Today, as promised, a post on zombies. Not just any zombies. Zombie goats.
Unlike ordinary zombies who stalk through the streets muttering "Brains! Brains!" with the single goal of finding an unwary human and dining on the contents of their cranium, zombie goats are a much more insidious creature. As I've discovered an inexcusable lack of information on the Internet regarding this terrifying threat to our way of life, I will now take it upon myself to educate the public:
Ways in Which Zombie Goats Differ From Ordinary Zombies:
1. They are goats.
2. They do not have to die to be infected with the Zombiagulus Virus and indeed are often born with it.
3. They show no preference for brains so donning your protective Zombie Helmet does nothing to keep you safe.
4. They lure their victims with displays of cuteness.
5. They chew anything and everything, often starting with the outer limbs so as to render their victims incapable of flight.
6. They pretend to be foolishly stupid, lulling their victims into complacency before they strike.
7. They infiltrate even the most sacred of human-animal sanctuaries: The Petting Zoo.
Ways To Repel the Zombie Goat:
1. Wear stripes, solid colors, or nothing at all.
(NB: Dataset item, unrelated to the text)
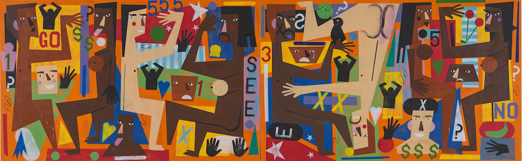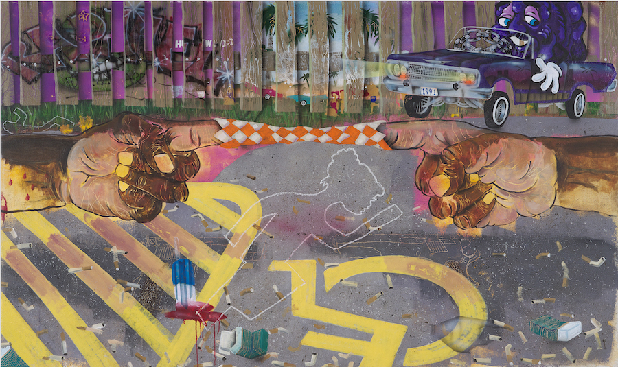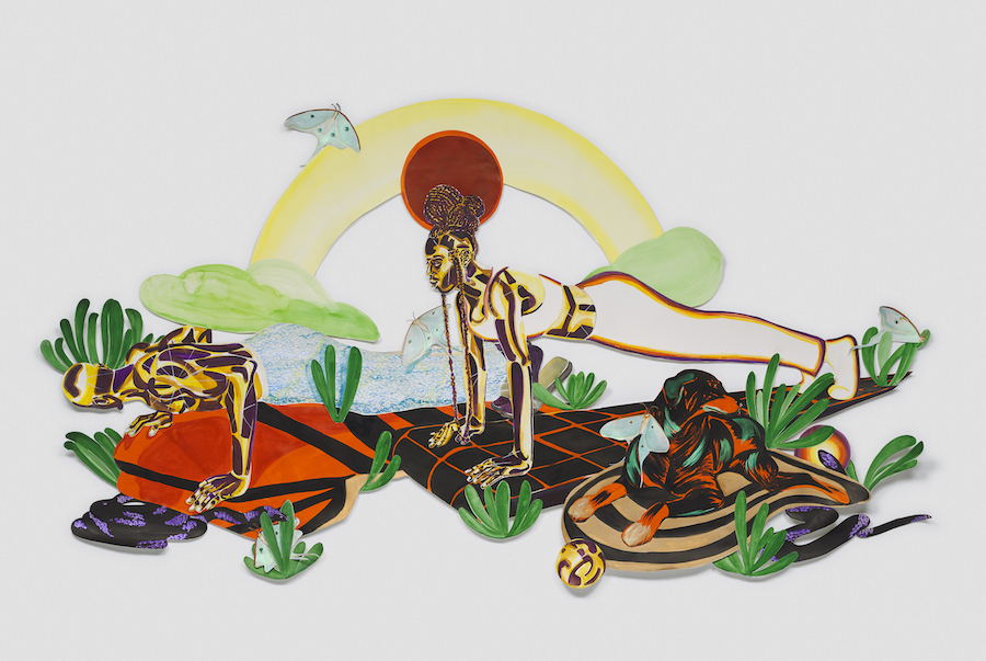 Curated by artist Nina Chanel Abney, Punch, at Jeffrey Deitch in mid-city, beautifully assaults the viewer with color, exciting shapes, and vibrant figuration. The current exhibition is an expansion of one presented at Deitch’s New York outpost last year; here the focus is primarily on LA-based artists, thirty-three in all — contemporary artists creating figurative and abstract connections with culture, society, and humanity.

Whatever you do, DON'T WEAR PLAID. It aggravates the unnatural horizontal pupil of the Zombie Goat.
2. Play anti-Zombie Goat music--Vintage 80's, Classic Rock, and Elvis are sure repellents. Be careful, however. Playing Barry Manilow or Bette Midler has been known to spark county-wide Zombie Goat riots, leaving very few survivors.
3. Avoid the hairstyle-that-wouldn't-die: The Mullet. Zombie Goats recognize those wearing a Mullet as natural prey. Something about Survival of the Fittest and Natural Selection.
Ways To Defeat The Evil Zombie Goat:
1. The Zombie Goat has only one natural predator:
Don't have one of these? Get one. Fast. Don't wait for tragedy to strike. Act now. Zombie Cats available at local pet shelters in your area.